Já há amplas evidências científicas que mostram que a vegetação nativa é importante para a regulação da vazão dos rios, para a melhoria da qualidade da água, para a captura do CO2 do ar, além de ser fonte de organismos que prestam valiosos serviços de controle de praga e polinização em diversos cultivos, propiciando assim condições para o aumento da produtividade agrícola. A manutenção de paisagens com coberturas acima de 30% de florestas propicia também a manutenção da biodiversidade e reduz a propagação de algumas zoonoses, como a hantavirose, o que pode ser particularmente relevante diante do risco de propagação de outras doenças graves, como a febre amarela. A restauração da vegetação nativa pode propulsionar uma nova cadeia econômica, desde a produção de mudas, o planejamento espacial do plantio, até o acompanhamento e a manutenção das áreas restauradas. Claramente a preservação e restauração das florestas e demais formas de vegetação nativa podem levar a uma situação onde todos saem ganhando, pois essas ações beneficiam a biodiversidade, a provisão de água e energia, a regulação do clima, o controle na propagação de certas doenças e um aumento na produtividade agrícola. A sociedade como um todo pode ser beneficiada.
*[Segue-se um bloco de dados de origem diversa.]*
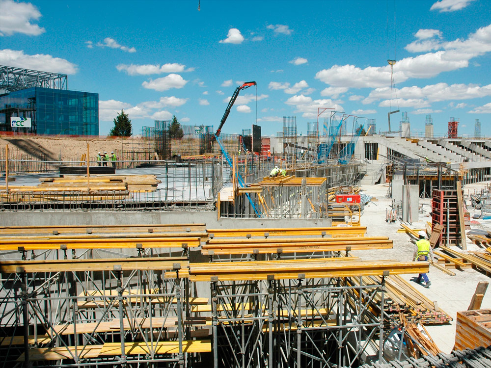 Debajo de los pórticos, se ha dispuesto de forjados de hormigón armado o postesado, para crear las diferentes plantas y sótanos del estadio. Estas zonas, se han realizado también con encofrado ENKOFORM, esta vez, apeado con puntales EP. Para su realización, se hizo un análisis detallado conjuntamente con el cliente y se determinó que esta iba a ser la mejor solución.

Desta forma, ainda é hora de corrigir os rumos desta lei, mantendo os acertos e as boas inovações, como o Cadastro Ambiental Rural e os incentivos econômicos para a manutenção da vegetação nativa, mas corrigindo algumas graves distorções. Dentre essas distorções estão: (i) as mudanças no referencial das Áreas de Preservação Permanente (APP) ripárias, que passa a ser agora o leito regular ao invés do leito maior do rio, o que leva a uma redução na proteção de todos os rios do país, deixando amplas áreas de várzea desprotegidas; (ii) a restauração apenas parcial das beiras de rios, através da regra conhecida como “escadinha”, que fragiliza a proteção dos rios, aumentando as taxas de assoreamento e de entrada de contaminantes, como pesticidas, reduzindo assim a qualidade das águas, o potencial pesqueiro e a vida média dos reservatórios de abastecimento; (iii) o cômputo de APP em Reservas Legais (RL) e a possibilidade de usar 50% de espécies exóticas em RL, o que reduz substancialmente os requerimentos de cobertura vegetal nativa, favorecendo principalmente as grandes propriedades, mas prejudicando a sociedade como um todo através dos efeitos perversos destas medidas sobre a biodiversidade, o clima e a água; (iv) a compensação de RL no âmbito de todo o bioma, o que deve reduzir substancialmente a cobertura vegetal em áreas mais degradadas, onde a restauração seria mais benéfica, transferindo a conservação para áreas onde ela é menos necessária (onde já há excedente de vegetação, em parte já protegida, como no caso da Unidades de Conservação). Estes são apenas quatro exemplos de mudanças prejudiciais na lei, mas no total são 21 dispositivos que geraram as ações de inconstitucionalidade que estão atualmente em discussão no STF.
As evidências cientificas sobre a importância estratégica da vegetação nativa já existem e foram amplamente divulgadas nos últimos anos. Esperamos que os ministros do STF consigam utilizá-las de forma imparcial, para uma tomada de decisão consciente, que considere todos os setores da sociedade brasileira envolvidas nessa discussão. Ainda é tempo do corrigir as graves distorções da lei, sem comprometer a segurança jurídica e as atividades econômicas dos que vivem ou dependem do campo.
* Jean Paul Metzger é doutor em ecologia de paisagens pela Universidade Paul Sabatier de Toulouse (França), professor do departamento de ecologia da USP e membro do Conselho Administrativo da Fundação SOS Mata Atlântica.